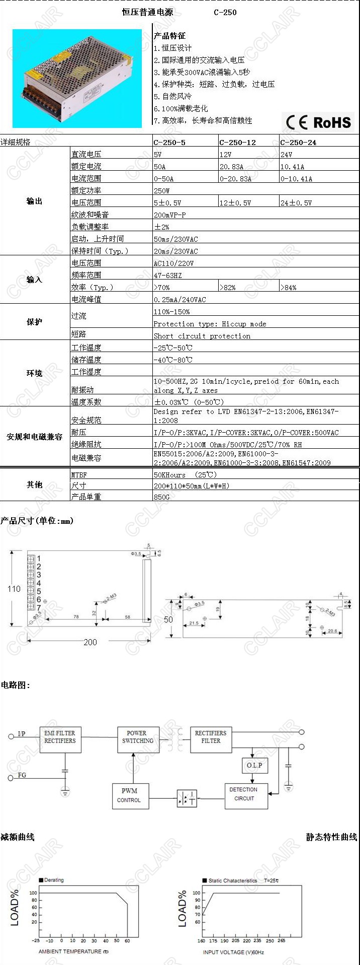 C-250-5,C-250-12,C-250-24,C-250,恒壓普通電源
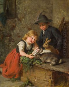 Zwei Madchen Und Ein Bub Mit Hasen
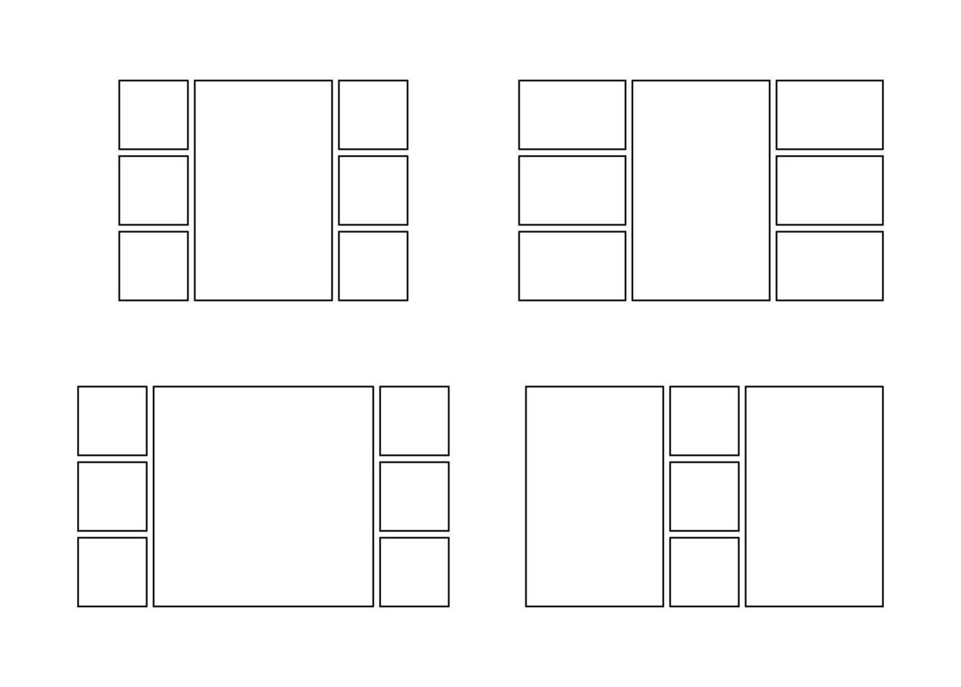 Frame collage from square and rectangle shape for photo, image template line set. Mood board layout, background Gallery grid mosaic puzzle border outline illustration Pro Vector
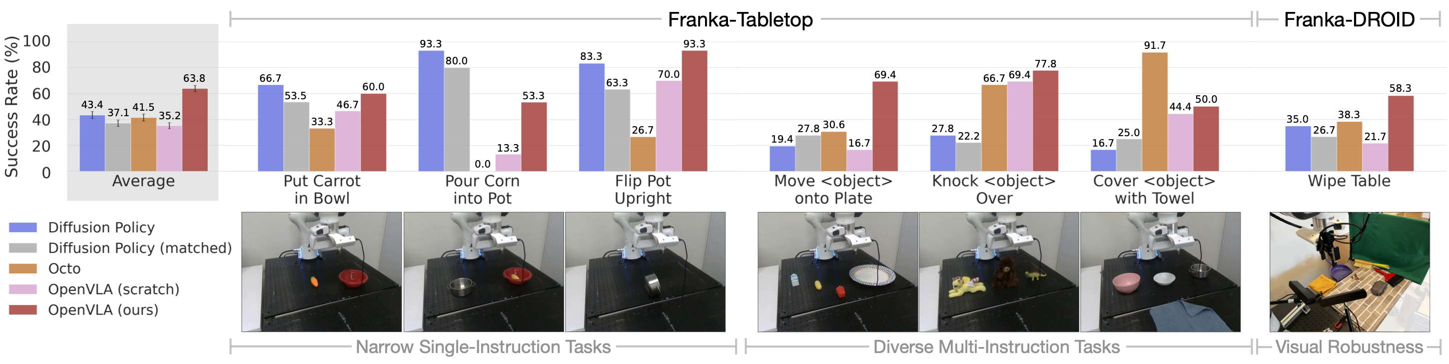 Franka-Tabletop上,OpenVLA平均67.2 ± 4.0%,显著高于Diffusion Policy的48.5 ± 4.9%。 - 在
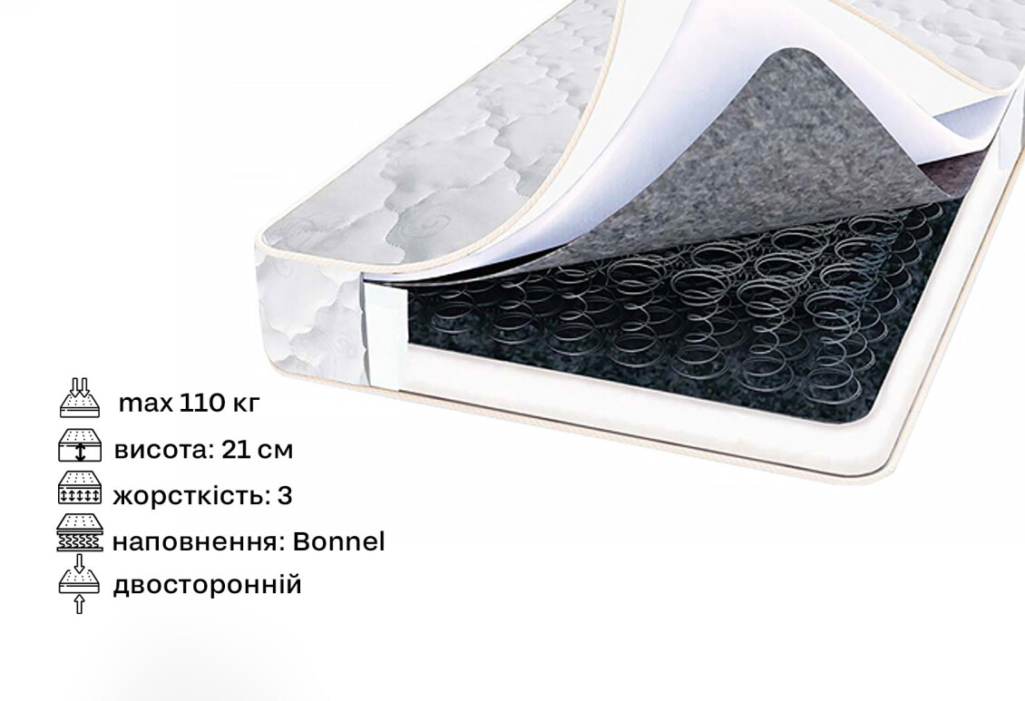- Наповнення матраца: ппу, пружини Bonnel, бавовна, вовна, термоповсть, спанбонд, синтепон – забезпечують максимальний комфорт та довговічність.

§

### REQUIREMENT
Copy the data in full. No pictures belong in the copy.

### ANSWER BOX
 C-250-5,C-250-12,C-250-24,C-250,恒壓普通電源
 Zwei Madchen Und Ein Bub Mit Hasen
 Frame collage from square and rectangle shape for photo, image template line set. Mood board layout, background Gallery grid mosaic puzzle border outline illustration Pro Vector
 Franka-Tabletop上,OpenVLA平均67.2 ± 4.0%,显著高于Diffusion Policy的48.5 ± 4.9%。 - 在
- Наповнення матраца: ппу, пружини Bonnel, бавовна, вовна, термоповсть, спанбонд, синтепон – забезпечують максимальний комфорт та довговічність.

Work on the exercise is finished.